Should their baldness have been reconsidered as casting a negative light on cancer patients and people with alopecia? Should the open sores on the Grand High Witch's head be scrapped as stigmatizing eczema? And if they had stuck with the wrinkled, ancient look from the 1990s, couldn't that be interpreted as endorsing ageism, or suggesting something evil about children with progeria?

Obviously there are degrees of seriousness for these concerns—and the complaint about stigmatizing limb differences is probably more legitimate than others—but the whole controversy raises a real issue when it comes to body horror.

To what extent is it alright to use distortions of the human body to evoke a sense of horror? How much can that be separated from stigmatizing real people's bodies?

There is a long tradition in the horror genre of using anatomical anomalies as a code for evil or corruption—dating at least as far back as fairytales like Rumplestiltskin.

From Dr. Frankenstein's hunch-backed assistant Igor to the developmentally disabled child-shaman in Midsommar and the entire Freak Show season of American Horror Story, these works reinforce our tendency to find something disturbing about distortions of the expected human form.

Tapping into an instinctual fascination and aversion for these differences which serve to remind us of the strangeness and fragility of our own bodies, horror movies encourage these fearful and sinister associations.

Writer-director Ari Aster has spoken about how he approached 2018'sHereditary as "a film with the primary intention of upsetting the audience on a deep level."

As an aesthetic pursuit, that may be a valid direction. But in seeking the most disturbing and unsettling content he could put together, Aster cast a young actor—with a rare genetic condition affecting her facial structure—to play a disturbed child corrupted by a demonic spirit.

Is that defensible? Doesn't an artist have a responsibility not allow their work to perpetuate such harmful ideas?

Someone with a passion for telling stories can't necessarily be expected to predict all the potentially negative repercussions of the stories they tell. As long as they don't set out with a harmful intention, then perhaps the audience for an R-rated film like Hereditary bears the responsibility to recognize and reject societally harmful ideas that serve the story.
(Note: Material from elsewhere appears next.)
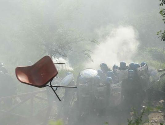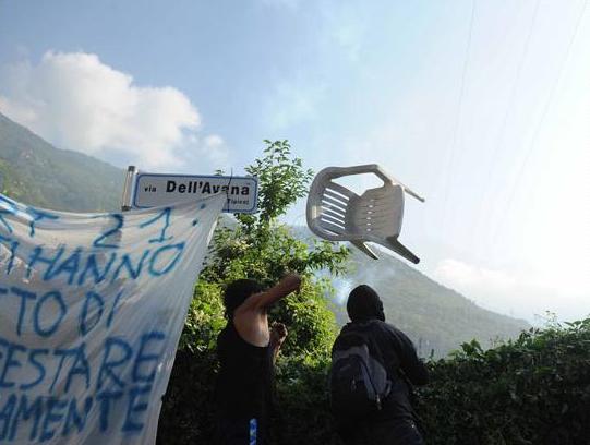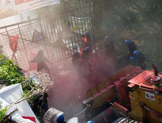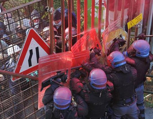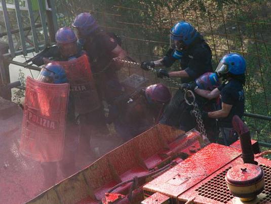 Όπως μεταδίδουν ιταλικά μέσα ενημέρωσης, αστυνομικές δυνάμεις έκαναν χρήση τριάντα θωρακισμένων οχημάτων, με ρίψη δακρυγόνων, αναγκάζοντας, έτσι, τους κατοίκους να απομακρυνθούν από την περιοχή.

Danny DeVito's portrayal of the Penguin is another frightening representation of syndactyly

We know—for instance—that Midsommar's depiction of cultural traditions in rural Sweden should not influence our perception of the Swedish people. Surely we're mature enough to likewise recognize and reject the fiction that disabilities and deformities have some connection to evil.

What makes The Witches a different case is its intended audience. A child doesn't have the framework to approach a scary movie with an intellectual remove. They absorb the fearful imagery and it stays with them—as with Anjelica Huston's transformation, still remembered by an entire generation 30 years later.

So when a child with limb differences recognizes themselves in a depiction of evil monsters, that hurts. And when a child without that struggle forms an association between villainous creatures and different-shaped hands, they are more liable to react negatively to a classmate or potential friend whose hands are reminiscent of the witches.

So while there may be a place for filmmaking that prioritizes "upsetting the audience on a deep level" without particular concern for the subtler messages it might send, that is not the purview of children's movies.

Hathaway was right to offer her apology, and HBO Max should probably take the movie down and do some digital reworking to replace the harmful imagery... And they could probably fix the CGI mice while they're at it—one of them has eyebrows!